Gone in 60 Seconds: How to Handle a Mental Health Workshop Heckler By Howard Rosenthal, EdD on 5/9/13 - 11:31 AM

Like most of you, as a psychotherapist, book author, and educator, I am often asked to give workshops, and educational seminars. For many of us, sharing our unique expertise is a part of our professional mission.

A while back I was contacted by a church group who wanted to give a series of eight different mental health workshops during the spring. Each of the workshops would be presented by a different expert. I was going to be the final presenter, number eight, and quite frankly was looking forward to presenting.

The week prior to my lecture, the workshop coordinator contacted me. His opening question threw me off guard. "Are you still sure you want to do the seminar?"

"Of course, I do. Why wouldn't I want to present?"

"I don't think you understand, Dr. Rosenthal. There has been a heckler in the crowd and she is so mean and critical that virtually all of the speakers who came before you said they wouldn't have done it, had they known how verbally vicious this woman was."

I must admit the reactions of the speakers sounded a tad extreme. "Look, why doesn't someone just put this woman in her place?"

Again he countered with, "I don't think you understand Dr. Rosenthal."

"Okay, please enlighten me, what exactly don't I understand?"

"Well, this woman—the heckler—is a well-known psychologist. At times she corrects the speakers on their information, and she seems to know more about the subject than they do. It has been very embarrassing for the presenters."
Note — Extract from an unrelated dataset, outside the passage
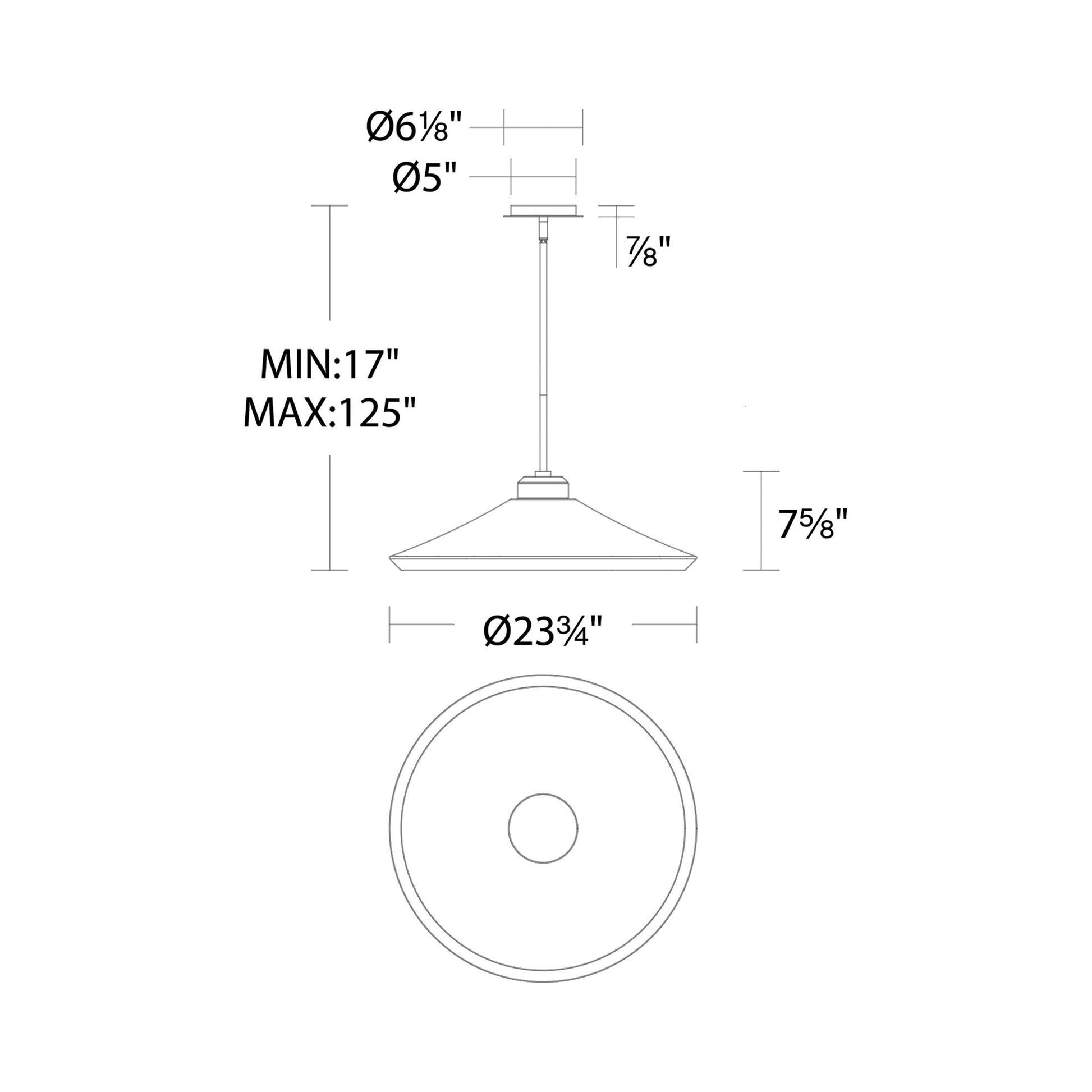 - Dimensions: 23.75"D X 7.63"H; 125" max height

Now I wanted to deliver my speech more than ever. "Hmm. Let me ask you a question. I assume these are large crowds, but is there a way I would know who this woman is with 100% accuracy?"
The workshop coordinator explained that our friendly neighborhood psychologist from hell heckler always sat in the front row, dressed in a very distinct way, and that I could easily pick her out despite a crowd hovering near the 300 mark.

"Then, I'll do the lecture," I confidently announced.
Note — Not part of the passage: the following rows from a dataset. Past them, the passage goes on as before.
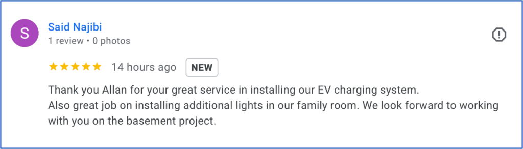 | 06/08/2024 | 5.0 | Review by Pri M. Project: Electric Vehicle Charging Station Installation – Residential – Materials Not Provided Comments: Allan was absolutely fantastic and accommodating – he did a great job installing the EV charger in our house. He is very knowledgeable and thorough and we would highly recommend him!! |
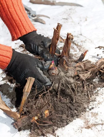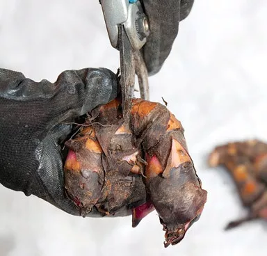 - Коли перший мороз прихопить листя, зріжте їх гострим ножем на висоті 10-15 см від землі. Великою лопатою або вилами, акуратно викопуємо кореневий ком.
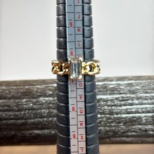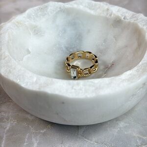 Stunning gold ring featuring a rectangular stone. Perfect for adding a touch of elegance.
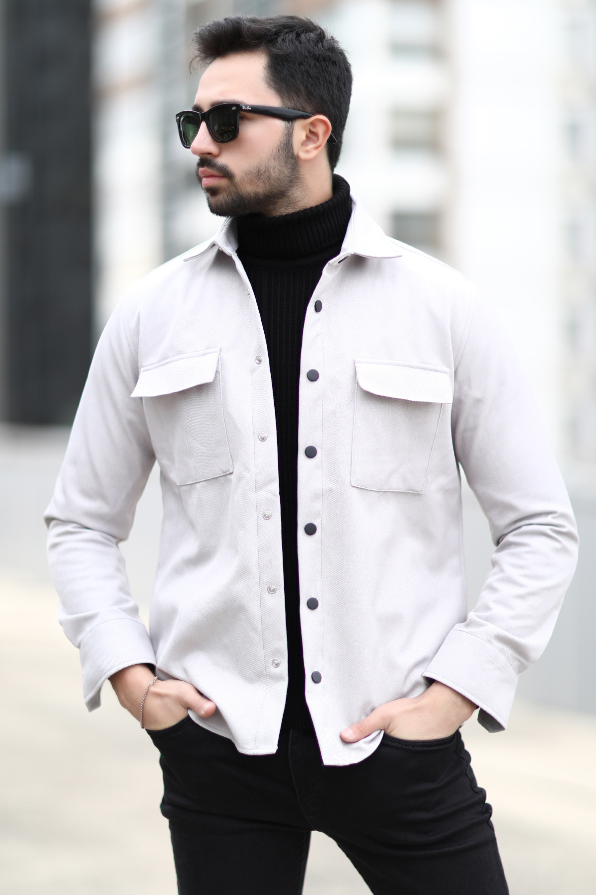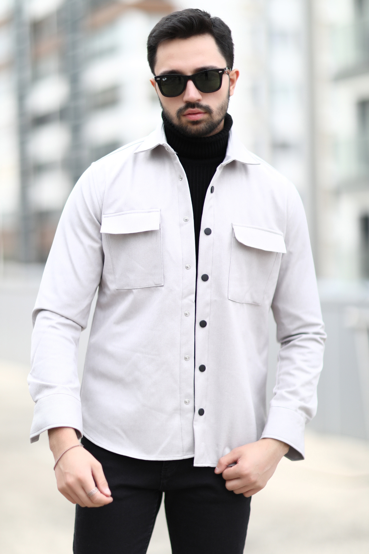 Erkek Gömlek Ceket Açık Gri Hafif Kumaş Çift Cepli Çıtçıt Kapama - 16815 Erkek Gömlek Ceket Açık Gri Hafif Kumaş Çift Cepli Çıtçıt Kapama - 16815 1463-16815 2XL

The big day finally arrived. As I was introduced with a brief bio, and handed the microphone, I laid eyes on the enemy for the first time. Our friendly neighborhood psychologist from Hades was sitting right in the middle of the front row. She had a smug look on her face. Glancing at her body language I was certain she was ready, willing, and able, to sucker punch me or take me down at the knees, in moment's notice.
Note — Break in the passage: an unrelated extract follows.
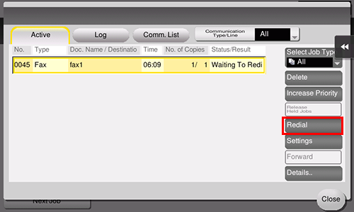 Las tareas pendientes de reenvío se reenvían automáticamente transcurrido un tiempo mediante la función de rellamada automática. Sin embargo, también se puede reenviar el fax manualmente.

But trust me when I say Dr. Expert psychologist was in for a major unexpected surprise, because I was going to strike first. After making a few opening comments I asked the audience a very difficult, if not impossible question, I had researched. Just how hard was this question? Glad you asked. Well let's put it this way. If you could have magically placed Sigmund Freud in the audience the chances are good he would have nudged Theodor Reik, if he were sitting next to him, to cadge an answer. In any event, I asked if anybody in the audience knew the answer knowing darn well I had a better chance of winning the lottery that day and I hadn't even purchased a ticket!

I marched forward beyond the podium and into the crowd stopping right in front of you know who. I stared her right in the eye and said, "How about you ma'am? How would you answer my question?"
Miss Expert shared her answer. I was intentionally silent for a few brief moments.

I continued giving her an eyeball to eyeball stare and then I spoke loud and clear into the microphone. "Absolutely, positively wrong! Now I don't want you to feel bad. That's exactly what any other untrained person would say. But you folks are not psychologists, or therapists, or mental health experts, and that's why you are here . . . to learn something new."

It was at that moment that our psychologist's reign of terror ended. She grabbed her expensive designer handbag, grimaced, and made a bee line for the exit sign to the right of the podium.
Gone in 60 seconds. You've got to love it folks!